In 1998, the company bought me a film scanner, and the computer to go with it. Within a few weeks of tweaking and adjusting, I was scanning everything. That left two 500-sheet boxes of Kodak Ektamatic SC black-and-white, single-weight paper sitting on the shelves in my office. For a while I kept them, just in case I needed them, but by the following summer, I realized I would never use them, and decided to conjure some kind of fine art project I could shoot and print on this abandoned black-and-white paper. Since I have always been drawn to the high desert, I decided to go on a driving tour of New Mexico. That tour, in July of 1999, yielded less than I had hoped, since I am, by profession, a news and sports shooter, with little experience at the time shooting fine art in the desert. I might have made 15 passable images, but it served to inspire me to return and shoot black-and-white again in September 2000. My film was usually Panatomic-X for 35mm, and Verichrome Pan Film for medium format. Occasionally I would play around with Technical Pan Film or High Speed Infrared, or even more rarely, Ilford and Agfa films.
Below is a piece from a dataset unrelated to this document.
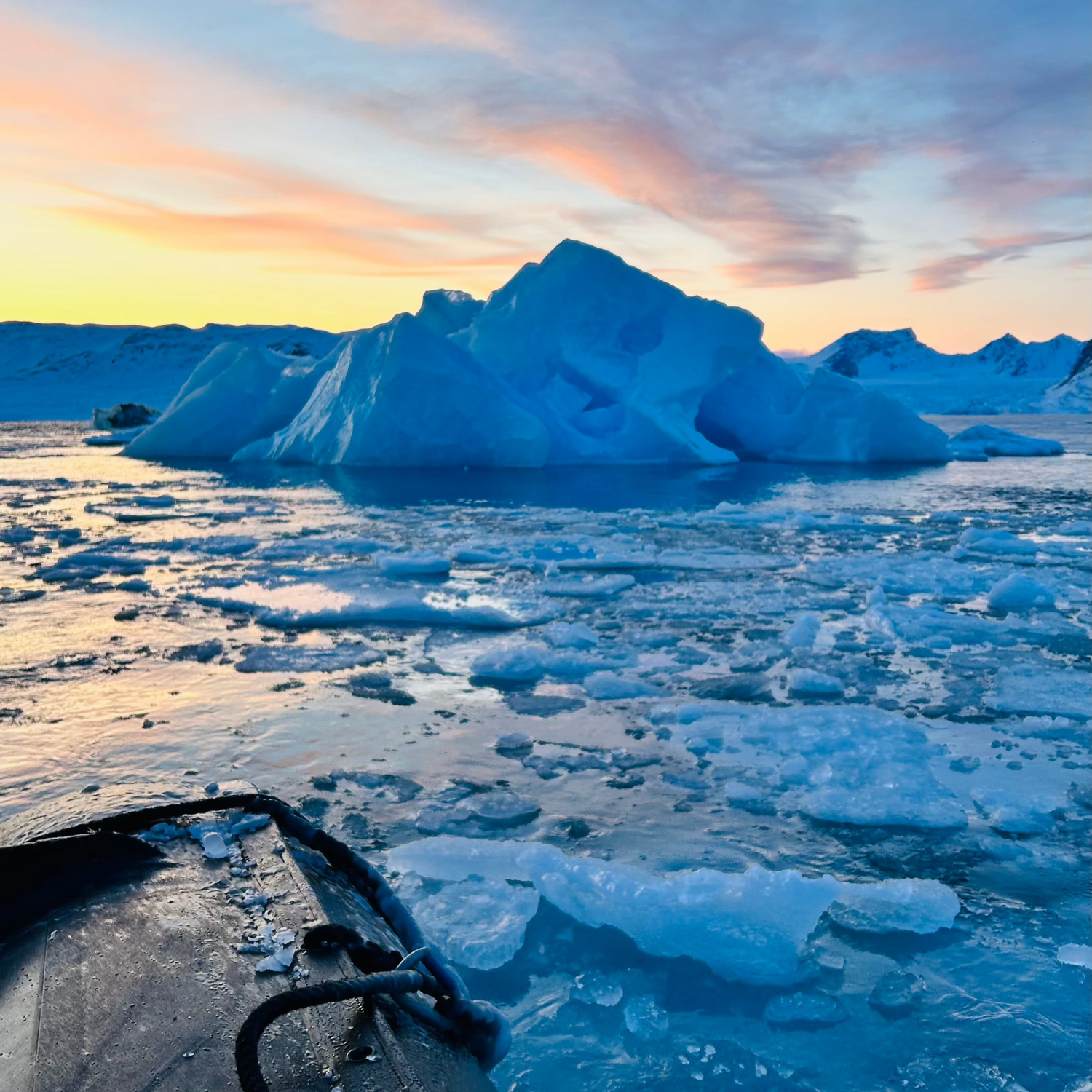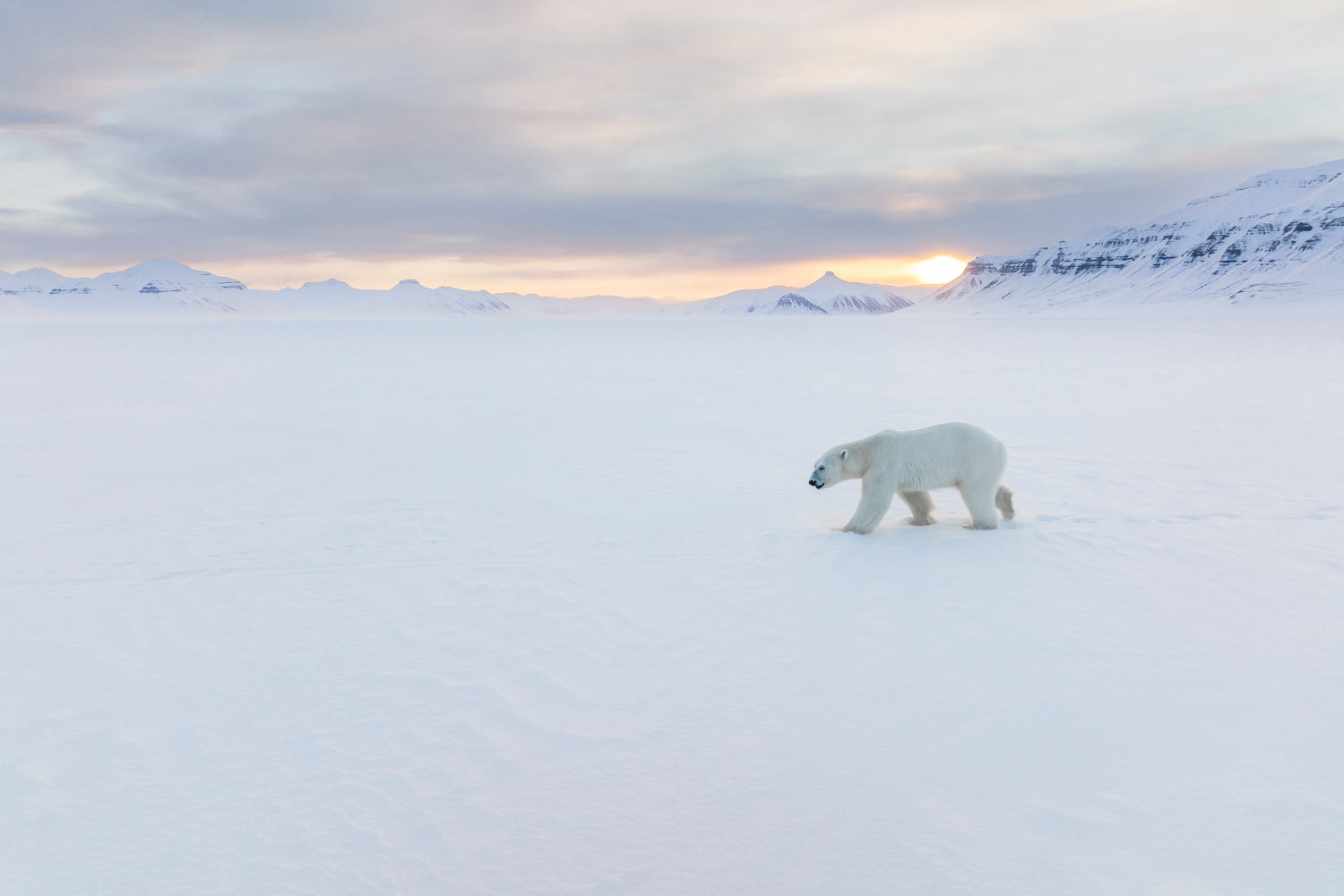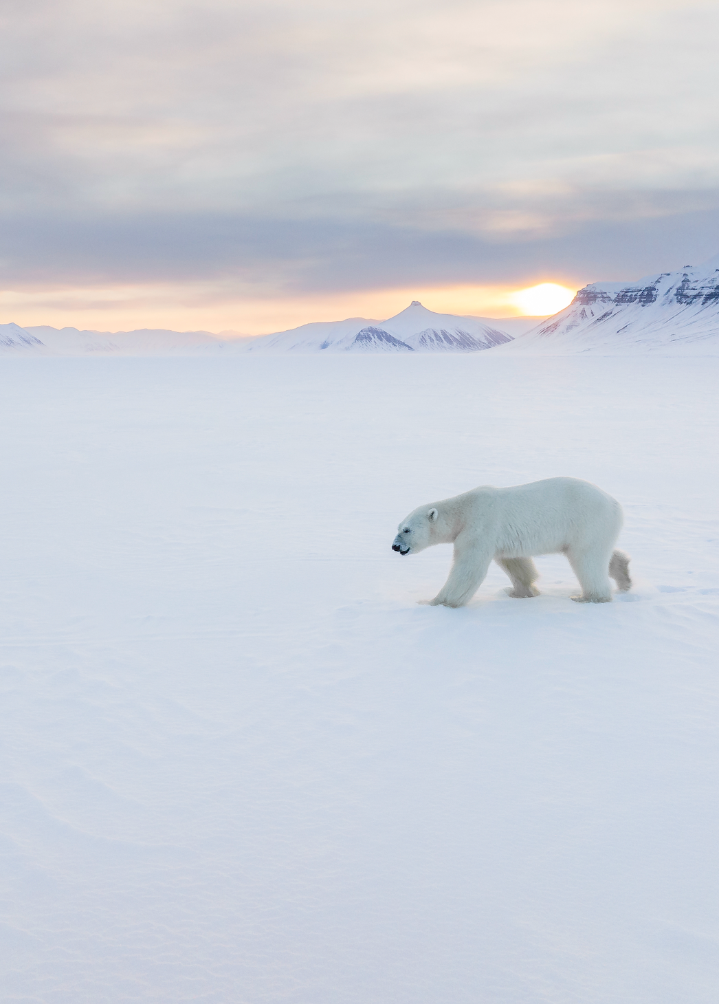 C’est un moment très spécial de l’année : le début du printemps arctique, quand la lumière revient après 6 mois d'obscurité. Face à vous, des nuances infinies de blanc et de bleu forment un paysage sculpté par toutes les formes de glace possibles. Le soir venu les fjords se teintent de rose et d’or au coucher du soleil. Soleil qui ne se couche jamais vraiment et rend ce mois d'avril si unique. Tel un des explorateurs sur une autre planète, nous nous créerons un chemin parmi les glaces mouvantes, bercés par les éléments.

I have boxes and boxes of black-and-white prints spanning a couple of decades. When I get them out, I am reminded of the pleasure black-and-white shooting provided me, and of how much my photography owes this heritage.
The image you’ve shared here makes it clear why B&W film is so far superior to digital. The details in the textures are what stand out to me as well as the fact that the blacks are really black. Those of us with film as our foundation will always long for this kind of look and texture; it’s different and to me far superior.